Set out exactly, line by line, the stretch of data below that begins at the line containing "万类皆是性灵。白岩峰笔下的花" and ends at the line containing "وفي نهاية نموذج", with both ends kept.

Supplied records:
◇ ◇ ◇ ◇

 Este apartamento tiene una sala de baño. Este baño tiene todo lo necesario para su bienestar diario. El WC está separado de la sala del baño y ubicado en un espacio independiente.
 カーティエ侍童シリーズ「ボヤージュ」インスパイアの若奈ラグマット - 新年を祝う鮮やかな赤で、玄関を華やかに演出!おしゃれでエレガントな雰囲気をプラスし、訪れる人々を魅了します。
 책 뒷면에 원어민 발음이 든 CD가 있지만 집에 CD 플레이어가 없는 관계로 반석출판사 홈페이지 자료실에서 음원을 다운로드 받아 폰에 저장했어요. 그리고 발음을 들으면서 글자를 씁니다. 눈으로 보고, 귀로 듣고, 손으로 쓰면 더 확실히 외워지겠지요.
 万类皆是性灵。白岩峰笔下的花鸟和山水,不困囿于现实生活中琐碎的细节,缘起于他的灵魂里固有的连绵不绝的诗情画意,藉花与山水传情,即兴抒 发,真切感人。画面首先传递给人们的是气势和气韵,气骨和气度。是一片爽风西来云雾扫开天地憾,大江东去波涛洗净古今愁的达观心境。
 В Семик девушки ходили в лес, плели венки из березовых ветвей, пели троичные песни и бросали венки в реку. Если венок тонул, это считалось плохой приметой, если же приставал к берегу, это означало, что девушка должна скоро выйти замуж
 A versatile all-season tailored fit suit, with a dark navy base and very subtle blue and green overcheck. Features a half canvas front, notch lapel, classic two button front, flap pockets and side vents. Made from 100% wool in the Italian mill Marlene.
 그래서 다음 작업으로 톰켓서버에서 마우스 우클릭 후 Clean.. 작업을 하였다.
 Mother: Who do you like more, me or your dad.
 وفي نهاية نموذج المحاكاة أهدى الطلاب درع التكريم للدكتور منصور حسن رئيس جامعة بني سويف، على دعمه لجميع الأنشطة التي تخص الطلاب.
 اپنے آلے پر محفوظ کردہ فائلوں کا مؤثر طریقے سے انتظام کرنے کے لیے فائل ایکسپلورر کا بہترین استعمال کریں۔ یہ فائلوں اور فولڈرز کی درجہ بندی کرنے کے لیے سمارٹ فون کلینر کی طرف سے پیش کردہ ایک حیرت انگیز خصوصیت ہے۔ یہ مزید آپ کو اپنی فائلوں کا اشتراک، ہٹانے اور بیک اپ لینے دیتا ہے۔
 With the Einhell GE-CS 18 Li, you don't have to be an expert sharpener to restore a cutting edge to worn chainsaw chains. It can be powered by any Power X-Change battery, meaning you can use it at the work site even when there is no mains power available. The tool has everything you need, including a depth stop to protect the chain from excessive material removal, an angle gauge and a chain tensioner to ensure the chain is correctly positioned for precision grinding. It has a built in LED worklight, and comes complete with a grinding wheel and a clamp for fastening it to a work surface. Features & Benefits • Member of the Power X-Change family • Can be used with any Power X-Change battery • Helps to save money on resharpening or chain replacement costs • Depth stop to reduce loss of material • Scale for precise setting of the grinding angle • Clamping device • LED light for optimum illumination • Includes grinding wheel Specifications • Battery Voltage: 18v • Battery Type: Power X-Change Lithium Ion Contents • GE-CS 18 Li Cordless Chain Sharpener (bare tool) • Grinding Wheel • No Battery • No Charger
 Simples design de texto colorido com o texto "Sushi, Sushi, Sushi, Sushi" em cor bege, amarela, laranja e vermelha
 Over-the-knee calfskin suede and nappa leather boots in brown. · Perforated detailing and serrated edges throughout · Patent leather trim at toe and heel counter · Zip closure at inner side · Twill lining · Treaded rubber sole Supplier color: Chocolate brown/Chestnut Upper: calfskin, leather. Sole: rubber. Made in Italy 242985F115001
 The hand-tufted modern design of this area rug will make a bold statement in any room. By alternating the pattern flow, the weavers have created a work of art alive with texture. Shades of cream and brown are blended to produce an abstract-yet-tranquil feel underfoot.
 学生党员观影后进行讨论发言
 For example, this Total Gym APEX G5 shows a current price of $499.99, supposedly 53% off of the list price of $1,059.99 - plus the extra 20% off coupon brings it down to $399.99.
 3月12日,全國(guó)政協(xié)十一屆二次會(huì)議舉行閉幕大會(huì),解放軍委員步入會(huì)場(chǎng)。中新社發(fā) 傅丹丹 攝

◇ ◇ ◇ ◇

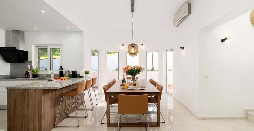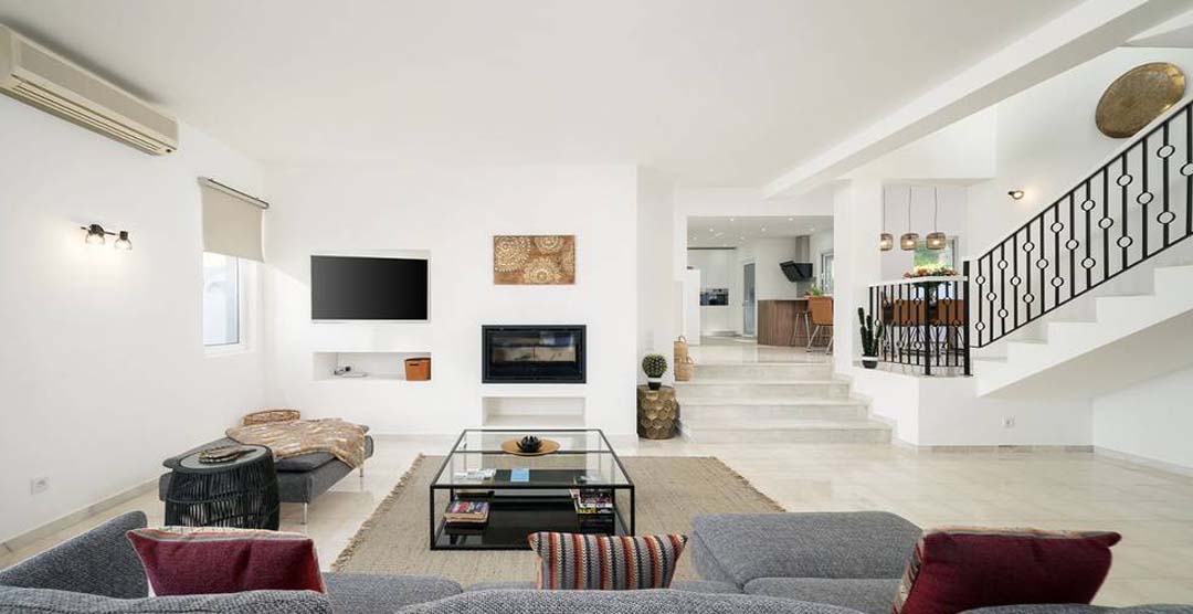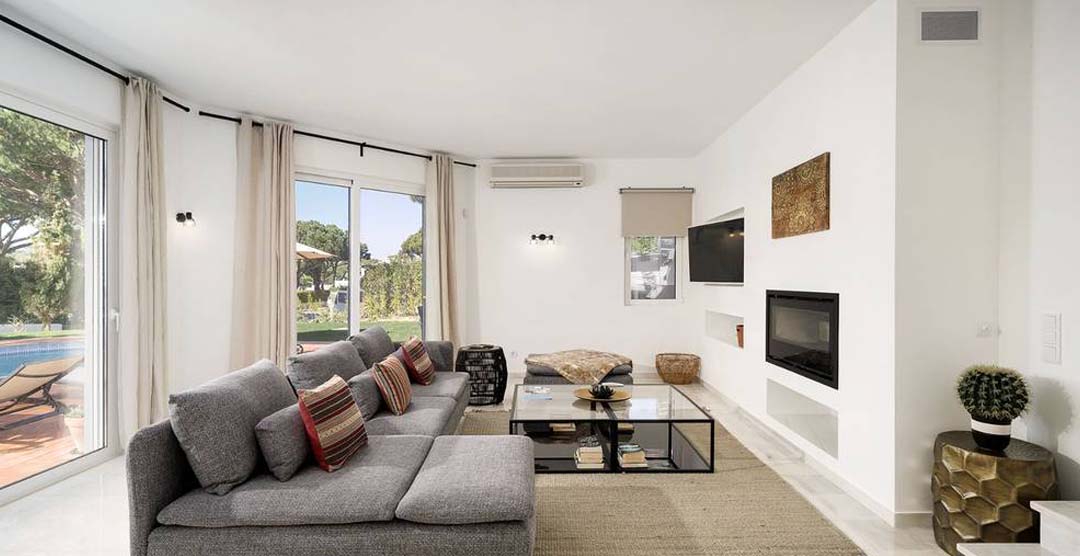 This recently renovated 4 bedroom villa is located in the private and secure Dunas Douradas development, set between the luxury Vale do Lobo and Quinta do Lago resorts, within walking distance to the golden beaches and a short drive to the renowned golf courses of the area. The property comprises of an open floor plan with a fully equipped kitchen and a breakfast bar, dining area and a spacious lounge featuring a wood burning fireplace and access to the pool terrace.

◇ ◇ ◇ ◇

Solution:
 万类皆是性灵。白岩峰笔下的花鸟和山水,不困囿于现实生活中琐碎的细节,缘起于他的灵魂里固有的连绵不绝的诗情画意,藉花与山水传情,即兴抒 发,真切感人。画面首先传递给人们的是气势和气韵,气骨和气度。是一片爽风西来云雾扫开天地憾,大江东去波涛洗净古今愁的达观心境。
 В Семик девушки ходили в лес, плели венки из березовых ветвей, пели троичные песни и бросали венки в реку. Если венок тонул, это считалось плохой приметой, если же приставал к берегу, это означало, что девушка должна скоро выйти замуж
 A versatile all-season tailored fit suit, with a dark navy base and very subtle blue and green overcheck. Features a half canvas front, notch lapel, classic two button front, flap pockets and side vents. Made from 100% wool in the Italian mill Marlene.
 그래서 다음 작업으로 톰켓서버에서 마우스 우클릭 후 Clean.. 작업을 하였다.
 Mother: Who do you like more, me or your dad.
 وفي نهاية نموذج المحاكاة أهدى الطلاب درع التكريم للدكتور منصور حسن رئيس جامعة بني سويف، على دعمه لجميع الأنشطة التي تخص الطلاب.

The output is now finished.